Big thread contention speedup -- testing the m_groups_to_compile_count

atomic on every execution was hurting perf for simple shaders called very frequently (as happens for volume shading). Moving it to happen only when shaders are compiled, not every execution, and even then guarding it with the m_greedyjit (which is usually off) improves perf substantially for a certain kind of scene we're trying to speed up.
AcademySoftwareFoundation · Jul 17, 2013 · e70e7de · e70e7de
1 parent 4d8e26a
commit e70e7de
Showing 1 changed file with 4 additions and 6 deletions.

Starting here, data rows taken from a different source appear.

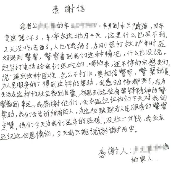 看到热气腾腾的饭菜,高某感动得热泪盈眶,表示会永远记住民警的“救命之恩”,并当场写下了感谢信,向帮助自己的保山交警表示感谢。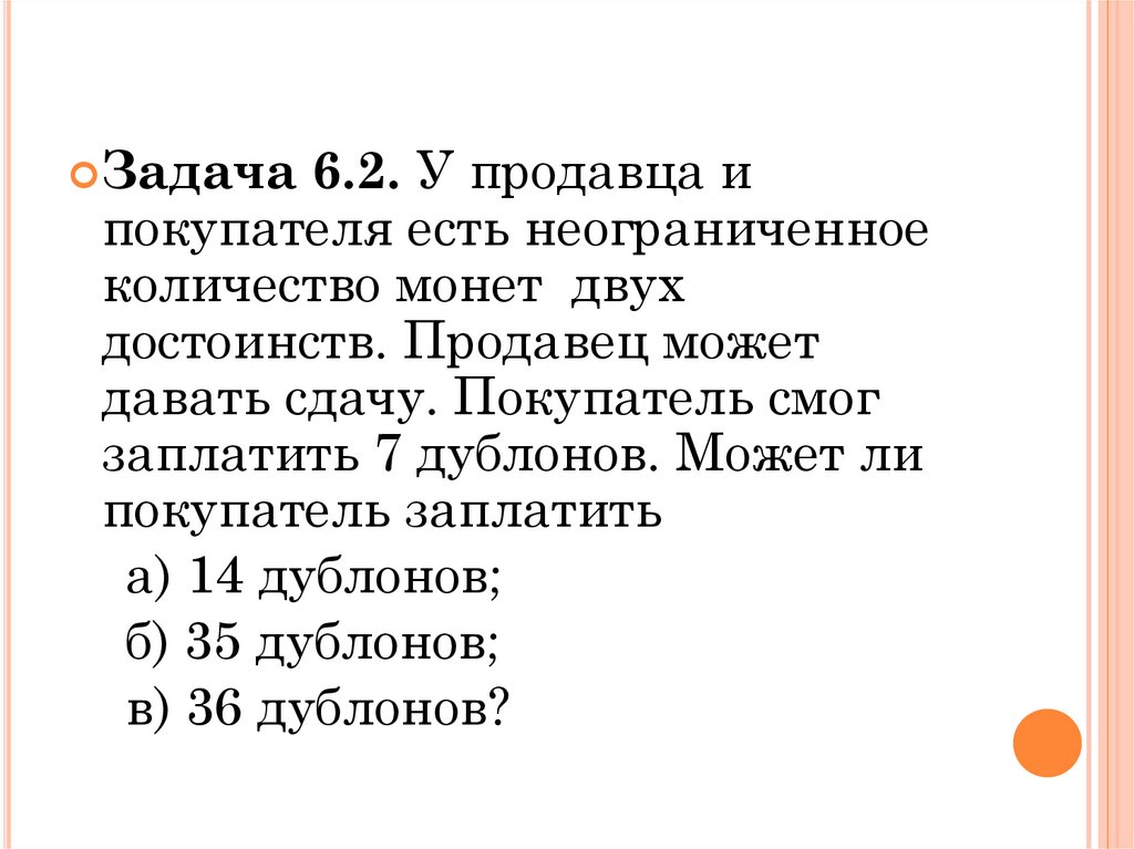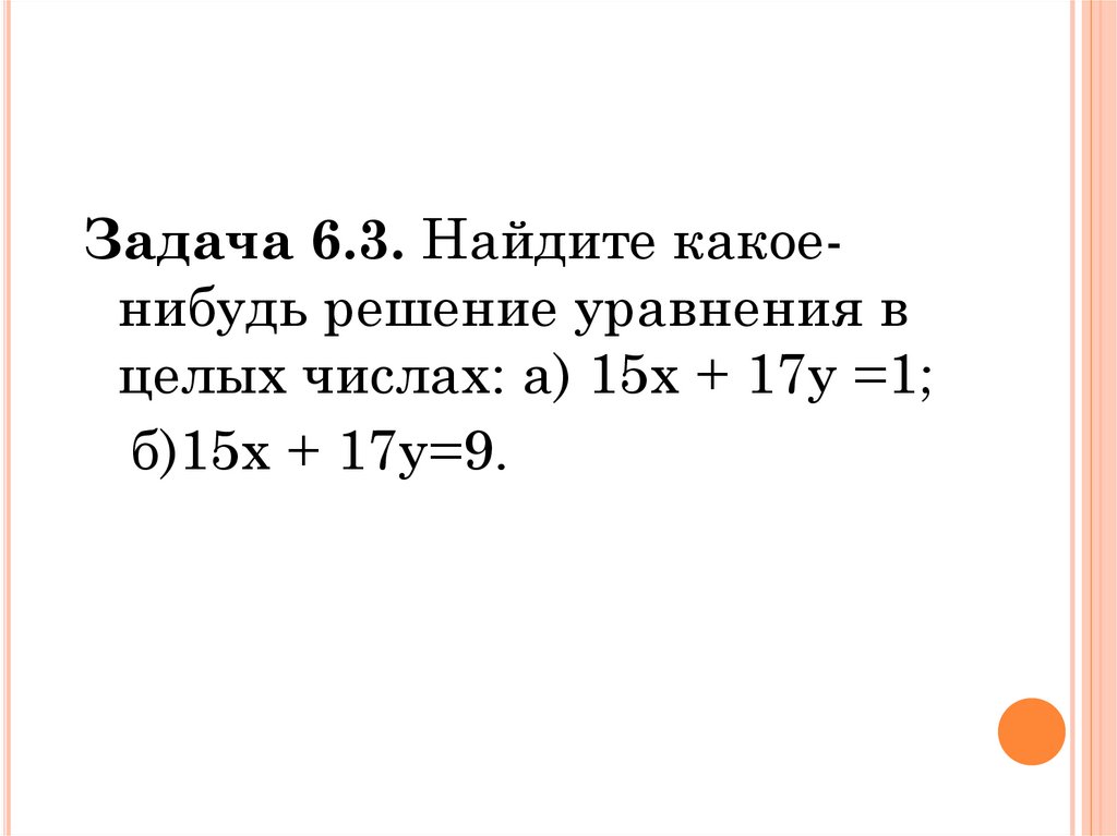 Задача 6.3. Найдите какоенибудь решение уравнения вцелых числах: а) 15x + 17y =1;
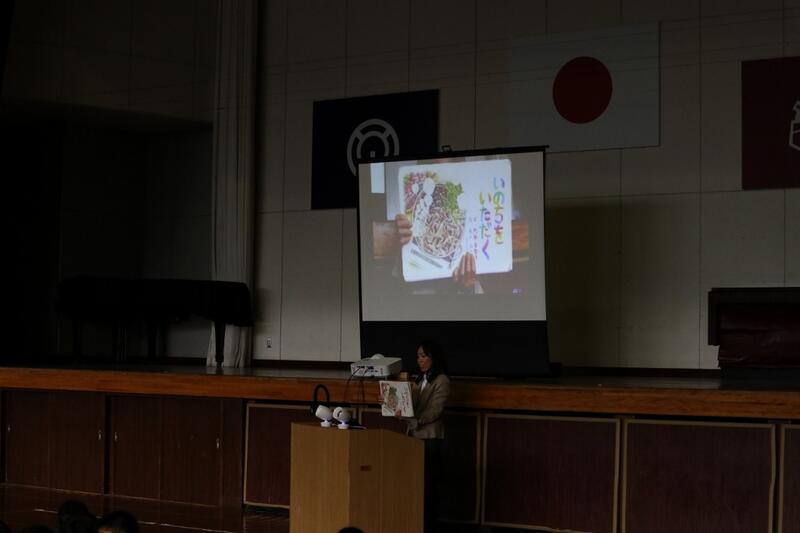 お昼の校内放送で、南方小学校の栄養教諭の樋口則子先生監修による『給食一口メモ』が紹介されます。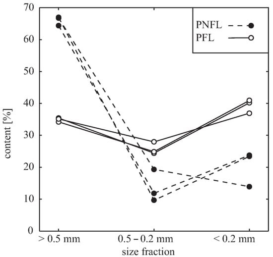 Contribution of various size fractions [w/w] in PFL- and PNFL-MO samples.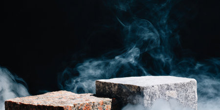 Stone pedestal or platform with smoke on black background for product display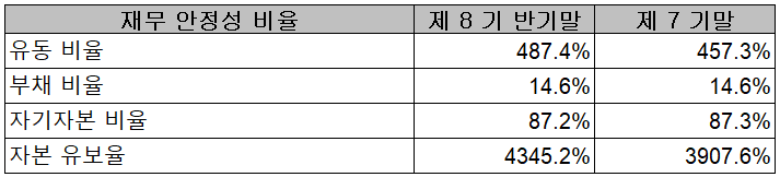 2021년 상반기 말 기준 재무안정성 비율에서는 유동비율 487.4%, 부채비율 14.6%, 자기자본비율 87.2%, 자본유보율 4,345.2%를 기록하면서 풍부한 유동성과 함께 건실하고 안정적인 재무상태를 유지하고 있습니다.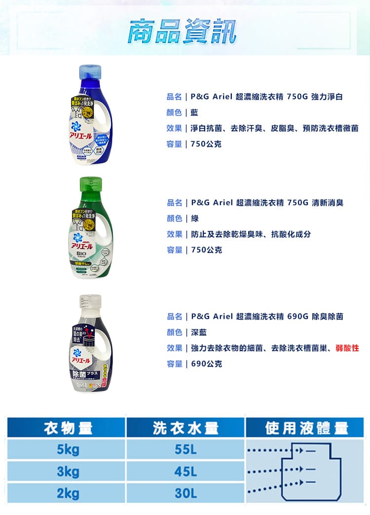P&G ARIEL 超濃縮洗衣精-藍色淨白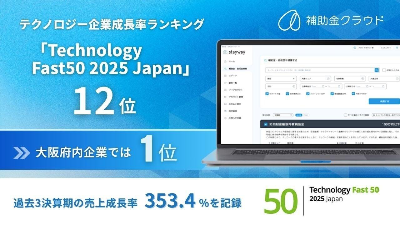 • 補助金クラウドを運営する株式会社Stayway が、テクノロジー企業成長率ランキング「Technology Fast 50 2025」で12位を受賞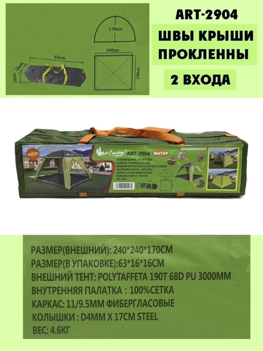 Шатер туристический 4 местная 2904 с полом из стального каркаса палатка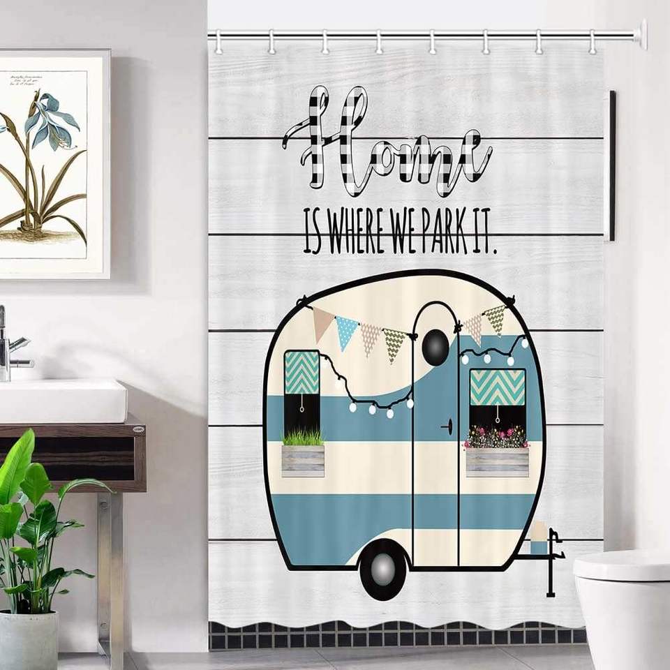 ม่านอาบน้ำลายไม้แนวชนบทตลกสีกลางของตกแต่งบ้านไร่โพลีเอสเตอร์สำหรับตั้งแคมป์บ้านค่ายขนาดเล็ก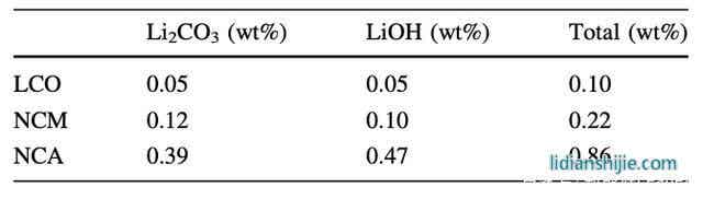 第一性原理計算顯示Ni基材料的晶體內部比LCO材料存在更多的肖基特缺陷,從而在晶體內部產生空位,從而形成Li-O化合物,這些化合物則會進一步與水蒸氣或CO2等反應,生成LiOH、Li2CO3等雜質。下表為三種材料表面的LiOH、Li2CO3雜質的含量,從表中可以看到相比于LCO材料,NCA和NCM材料表面的LiOH、Li2CO3雜質含量會更高,特別是NCA材料表面的雜質含量可達LCO材料的8-10倍。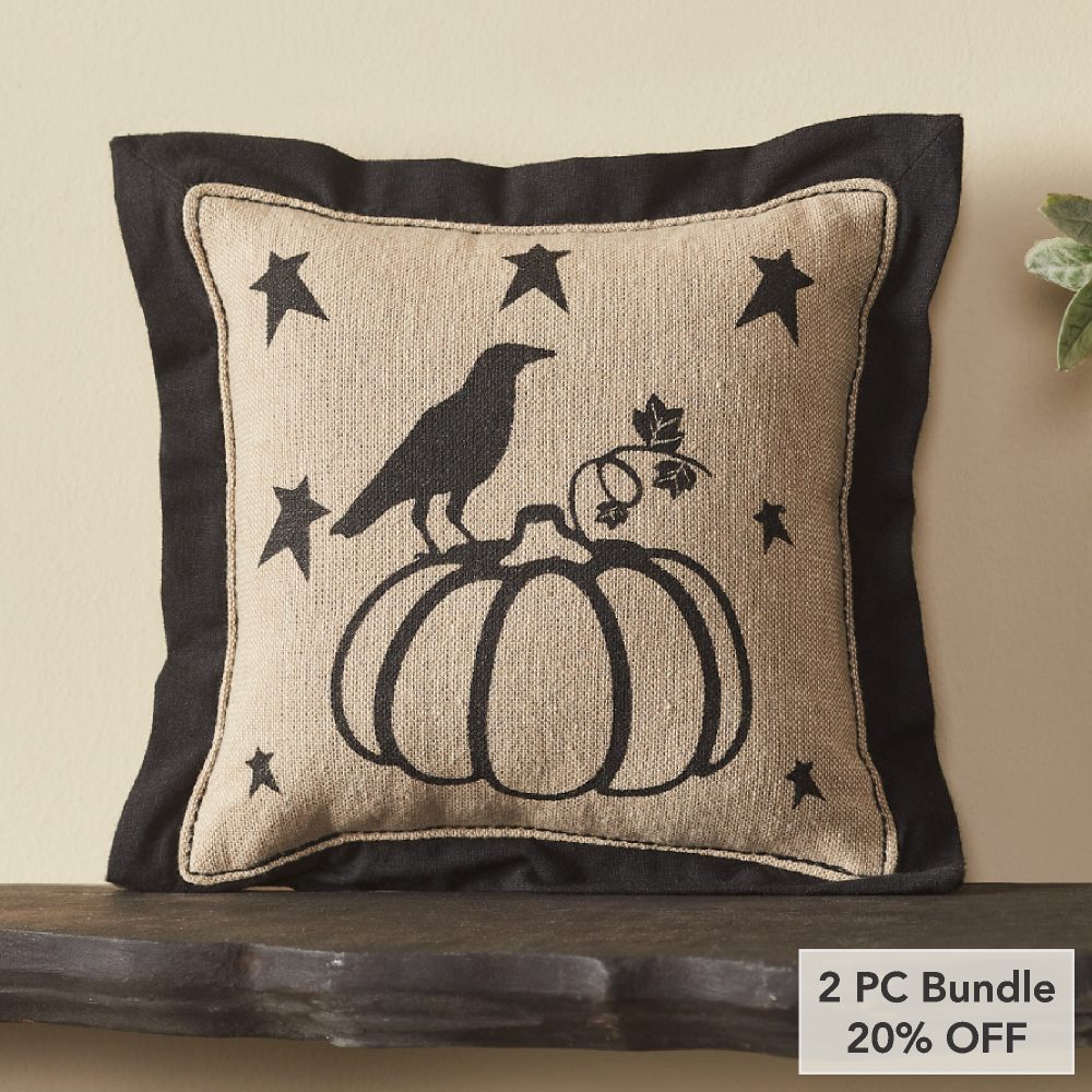 - Sku – 85530 – Raven Harvest Primitive Pumpkin Decorative Pillow 6×6 Inch Farmhouse Fall Accent Cushion (2 Packages)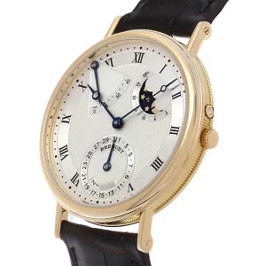 ムーンフェイズ・パワーリザーブ・スモールセコンドが文字盤上にバランスよくはいちされた特徴的なモデルです。

diff --git a/src/liboslexec/context.cpp b/src/liboslexec/context.cpp
@@ -71,21 +71,19 @@ ShadingContext::execute (ShaderUse use, ShadingAttribState &sas,
                          ShaderGlobals &ssg, bool run)
 {
     DASSERT (use == ShadUseSurface);  // FIXME
-
     m_curuse = use;
     m_attribs = &sas;
 
-    if (shadingsys().m_groups_to_compile_count) {
-        // If we are greedily JITing, optimize/JIT everything now
-        shadingsys().optimize_all_groups ();
-    }
-
     // Optimize if we haven't already
     ShaderGroup &sgroup (sas.shadergroup (use));
     if (sgroup.nlayers()) {
         sgroup.start_running ();
         if (! sgroup.optimized()) {
             shadingsys().optimize_group (sas, sgroup);
+            if (shadingsys().m_greedyjit && shadingsys().m_groups_to_compile_count) {
+                // If we are greedily JITing, optimize/JIT everything now
+                shadingsys().optimize_all_groups ();
+            }
         }
         if (sgroup.does_nothing())
             return false;